Biology and transmission
Ralstonia solanacearum is an aerobic, non-spore-forming, rod shaped, gram- negative bacterium. The bacterial cells measure approximately 0.5 ´ 1.5 m. Virulent isolates are mainly non-flagellate and non-motile. Avirulent isolates usually bear 1-4 polar flagellae and are highly motile. Common fimbriae are often present in both virulent and avirulent isolates. Although it does not produce fluorescent pigments, it produces a brown diffusible pigment on a variety of agar media containing tyrosine. The bacterium grows at a wide range of temperatures from 25 to 35°C. The bacterium is mainly disseminated through infested soil, water and infected seed (Anitha et al. 2003).
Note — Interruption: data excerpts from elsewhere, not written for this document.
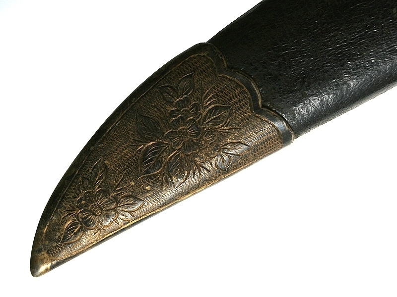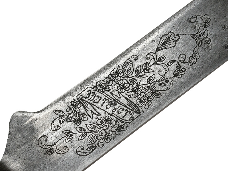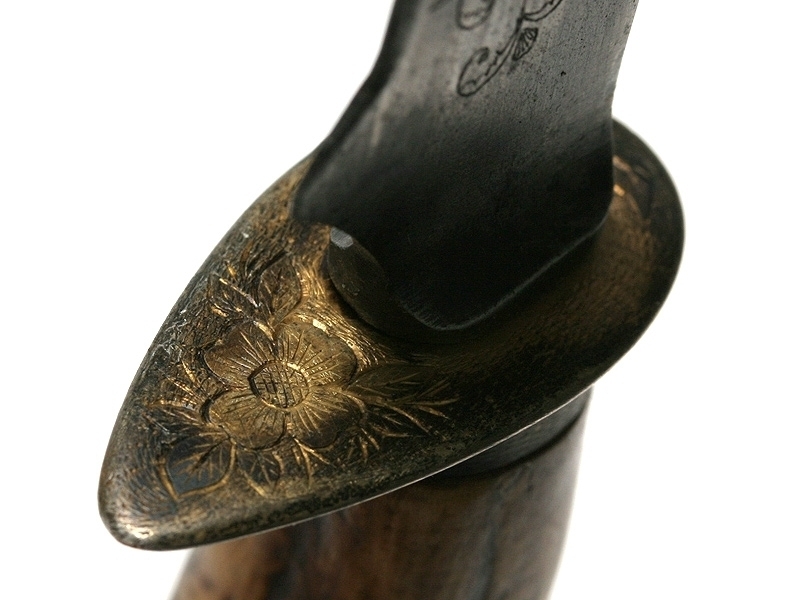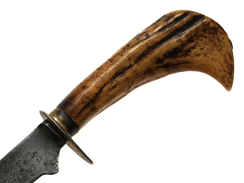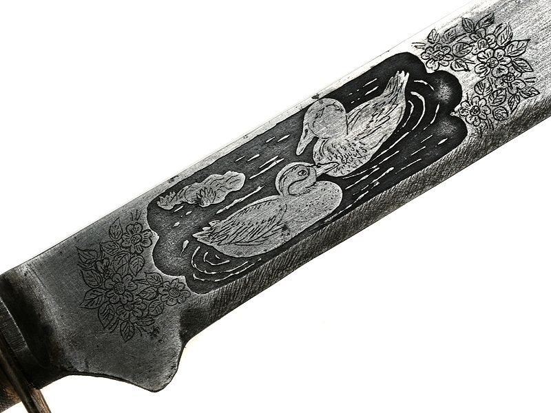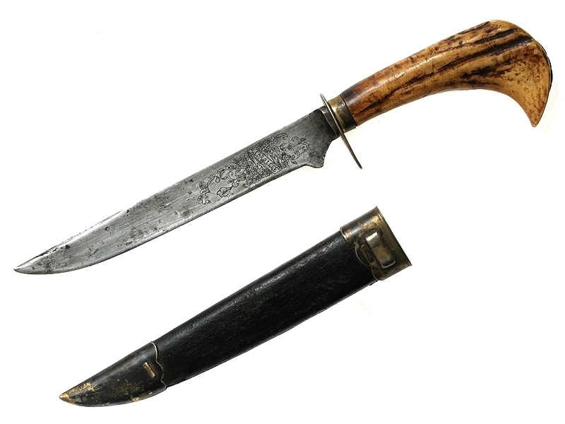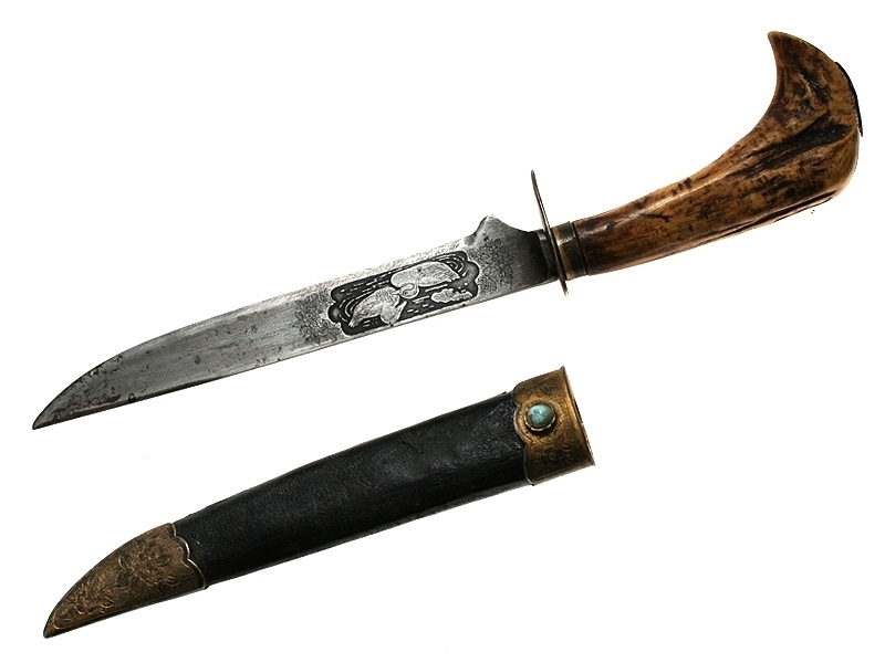Охотничий нож, изготовленный златоустовскими мастерами в начале ХХ века. Клинок с лицевой стороны украшен традиционной травленой орнаментальной розеткой с надписью "Златоустъ" на ленте, с оборотной стороны - декоративный травленый медальон с изображением утки и селезня. Рукоять из оленьего рога, прибор рукояти изготовлен из позолоченного белого металла (возможно, серебро - без клейм). Золочение частично сохранилось, красивая патина. Ножны деревянные, оклеены черной кожей, с украшенным гравировкой прибором. На устье ножен с лицевой стороны - каст с вставленной в него бирюзой.
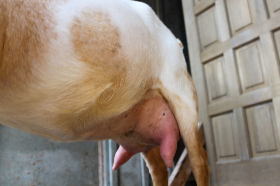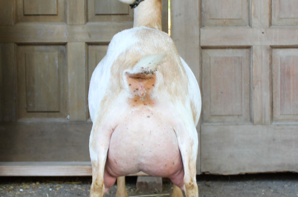 Camembert is such a beautiful and well mannered man. He has been a pleasure to work with for our v-shows. He has such a mild and willing temperament.We just love him. Sadly he was so closely related to all my does that I did not really get to use him a bunch until last year. I have three of his does in my herd that kidded in January and he did indeed pass on his sire, Noahs, wonderful mammary! Noahs Kids are known to be wide throughout with nicely attached easy to milk udders. Noahs daughters (Camemberts sire and grandsire) all milk test at least 4 lbs per day at a tiny 18 inches tall!!
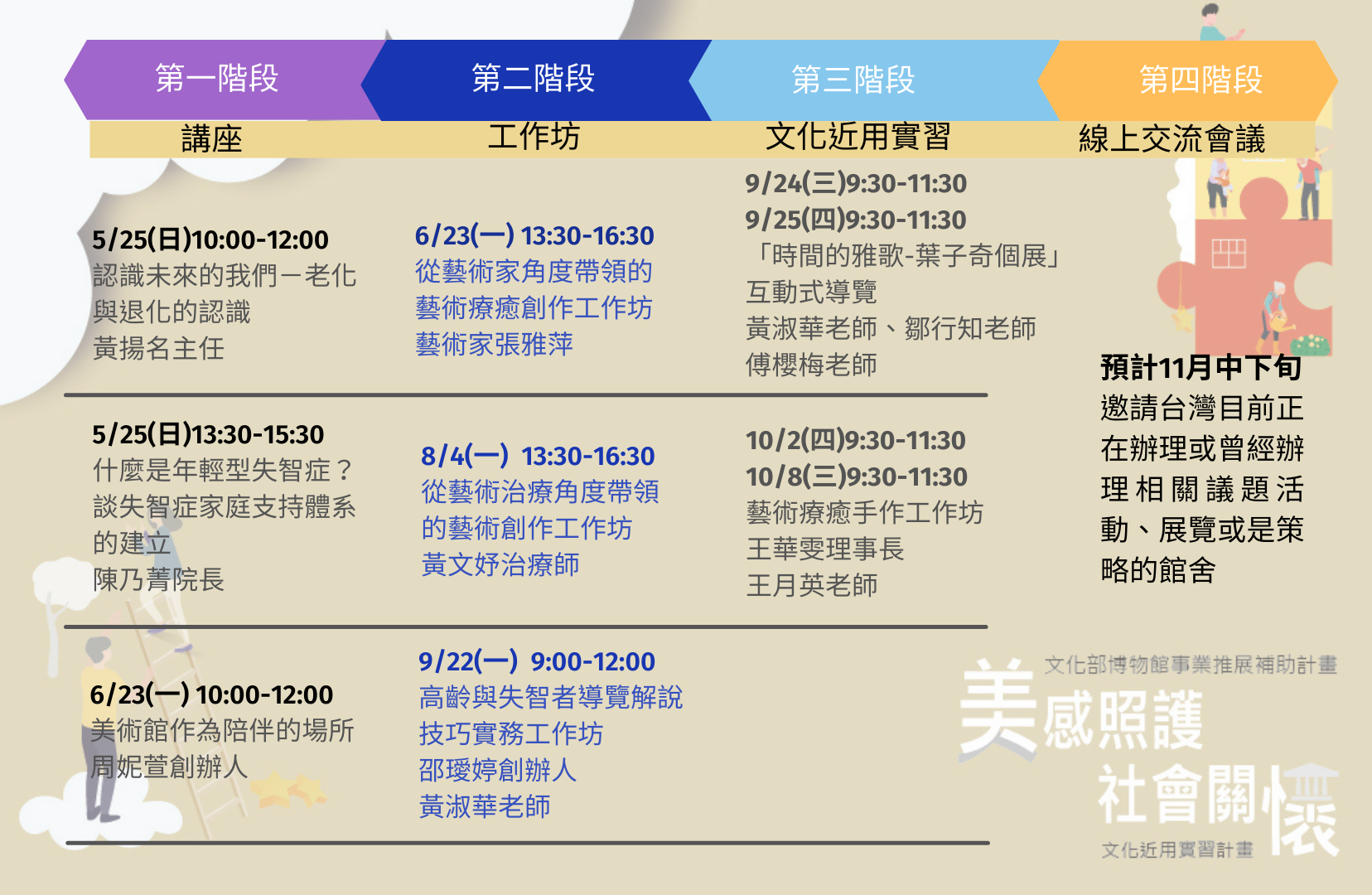 持續辦理「藝術介入高齡失智」 培力課程,邀請具備豐富理論與實務經驗之專家授課,協助學員建立規劃適切學習活動之能力,並深化其對長者陪伴與服務需求之認識,培養更多具備實務操作能力之人才。課程目前進行到第二階段第三堂課及第三階段,第三階段將與失智據點合作,讓學員透過實地參與,親身觀察並與長者互動,結合導覽技巧與療癒性手作活動,實際體驗藝術介入在高齡照護現場的應用與挑戰,從中學習實務操作與溝通方法,為未來推展高齡友善博物館奠定基礎。相關資訊可參考附件及
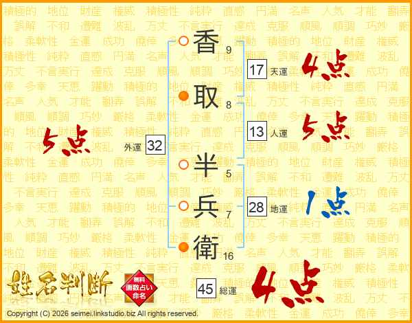 香取半兵衛さんの総運は45画の4点!

Detection/indexing methods at ICRISAT
- Direct plating of 4-week old leaf-twigs, leaf-bits and seed on Tetrazolium chloride agar (TZCA) medium is used to detect the wilt pathogen in groundnut (Prasada Rao et al. 2000; Anitha et al. 2004).
Treatment/control
- Not available.
Procedures followed in case of positive test at ICRISAT
- Incineration of the infected plants and rejection of the seed samples.
References and further reading
Anitha K, Gunjotikar GA, Chakrabarty SK, , Singh SD, Sarath Babu B, Prasada Rao RDVJ and Varaprasad KS. 2003. Interception of bacterial wilt, Burkholderia solanacearum in groundnut germplasm imported from Australia. Journal of Oilseeds Research 20: 101-104.
Anitha K, Chakrabarty SK, Girish AG, Prasada Rao RDVJ and Varaprasad KS. 2004. Detection of bacterial wilt infection in imported groundnut germplasm. Indian Journal of Plant Protection 32:147-148.
Mehan VK, Liao BS, Tan YJ, Robinson-Smith A, McDonald D and Hayward AC. 1994. Bacterial wilt of groundnut. Information Bulletin no. 35. Patancheru, AP 502 324, India: International Crops Research Institute for the Semi-Arid Tropics. 28pp.
Prasada Rao RDVJ, Gunjotikar GA,.Chakrabarty SK, Varaprasad KS, Singh SD and Bramel-Cox PJ. 2000. Detection of Ralstonia solanacearum in seeds of wild Arachis spp. imported from Brazil. Indian Journal of Plant Protection 28: 51-56.